Without any pictures, print the lines below from the one that has "VINTAGE BEAUTIFUL FLORAL" through the one that has "第二项,支部书记为每位毕业生", exactly and nothing else.

################

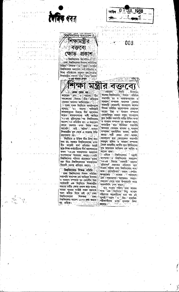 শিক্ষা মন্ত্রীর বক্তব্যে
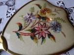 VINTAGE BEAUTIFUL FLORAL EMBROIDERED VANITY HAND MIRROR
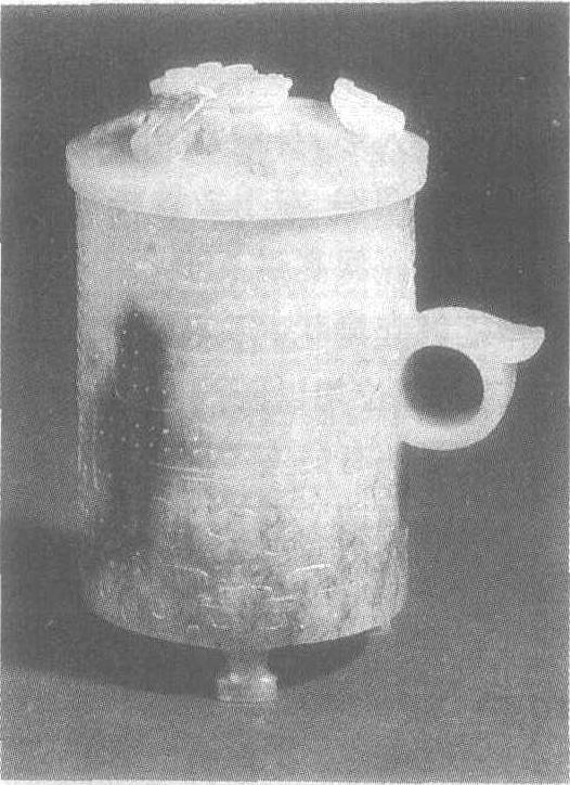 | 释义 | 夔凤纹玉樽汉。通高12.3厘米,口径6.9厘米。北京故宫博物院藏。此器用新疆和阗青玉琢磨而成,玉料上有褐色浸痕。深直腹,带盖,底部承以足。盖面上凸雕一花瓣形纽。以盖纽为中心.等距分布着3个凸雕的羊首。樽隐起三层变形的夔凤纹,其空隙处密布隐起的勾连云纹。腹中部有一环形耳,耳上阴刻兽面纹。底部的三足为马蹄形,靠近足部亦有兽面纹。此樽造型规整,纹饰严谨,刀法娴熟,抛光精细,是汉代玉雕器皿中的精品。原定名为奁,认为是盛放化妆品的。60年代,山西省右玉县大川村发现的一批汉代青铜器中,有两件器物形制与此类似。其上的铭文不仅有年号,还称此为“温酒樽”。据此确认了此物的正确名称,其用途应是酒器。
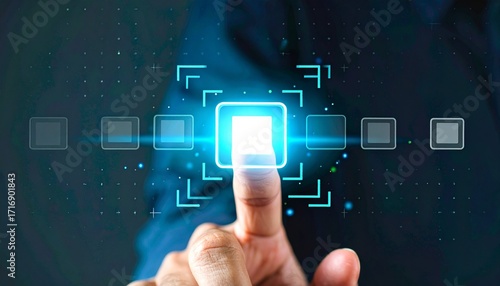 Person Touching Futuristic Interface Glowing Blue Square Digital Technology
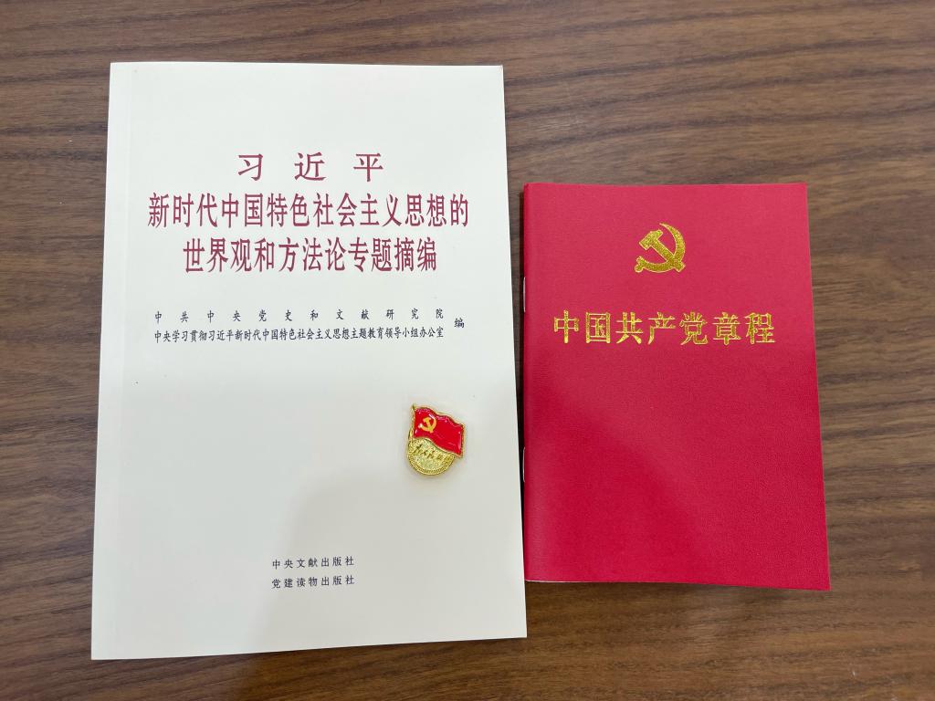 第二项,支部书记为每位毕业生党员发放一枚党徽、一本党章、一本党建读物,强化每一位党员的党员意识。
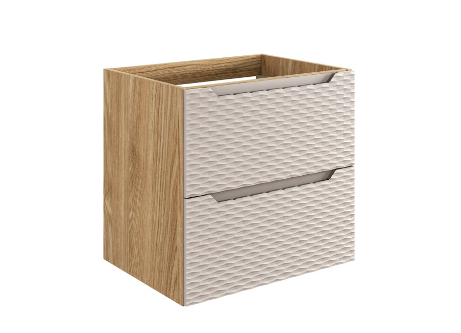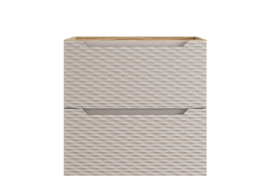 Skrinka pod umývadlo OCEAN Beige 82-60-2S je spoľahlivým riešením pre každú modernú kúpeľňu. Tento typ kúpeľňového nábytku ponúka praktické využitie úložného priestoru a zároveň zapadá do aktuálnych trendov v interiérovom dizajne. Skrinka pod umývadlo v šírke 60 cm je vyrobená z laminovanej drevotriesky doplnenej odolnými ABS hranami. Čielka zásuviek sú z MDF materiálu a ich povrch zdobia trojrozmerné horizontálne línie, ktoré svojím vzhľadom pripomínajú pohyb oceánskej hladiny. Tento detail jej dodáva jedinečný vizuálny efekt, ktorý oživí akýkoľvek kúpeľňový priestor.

################

### Problem solution
 VINTAGE BEAUTIFUL FLORAL EMBROIDERED VANITY HAND MIRROR
 | 释义 | 夔凤纹玉樽汉。通高12.3厘米,口径6.9厘米。北京故宫博物院藏。此器用新疆和阗青玉琢磨而成,玉料上有褐色浸痕。深直腹,带盖,底部承以足。盖面上凸雕一花瓣形纽。以盖纽为中心.等距分布着3个凸雕的羊首。樽隐起三层变形的夔凤纹,其空隙处密布隐起的勾连云纹。腹中部有一环形耳,耳上阴刻兽面纹。底部的三足为马蹄形,靠近足部亦有兽面纹。此樽造型规整,纹饰严谨,刀法娴熟,抛光精细,是汉代玉雕器皿中的精品。原定名为奁,认为是盛放化妆品的。60年代,山西省右玉县大川村发现的一批汉代青铜器中,有两件器物形制与此类似。其上的铭文不仅有年号,还称此为“温酒樽”。据此确认了此物的正确名称,其用途应是酒器。
 Person Touching Futuristic Interface Glowing Blue Square Digital Technology
 第二项,支部书记为每位毕业生党员发放一枚党徽、一本党章、一本党建读物,强化每一位党员的党员意识。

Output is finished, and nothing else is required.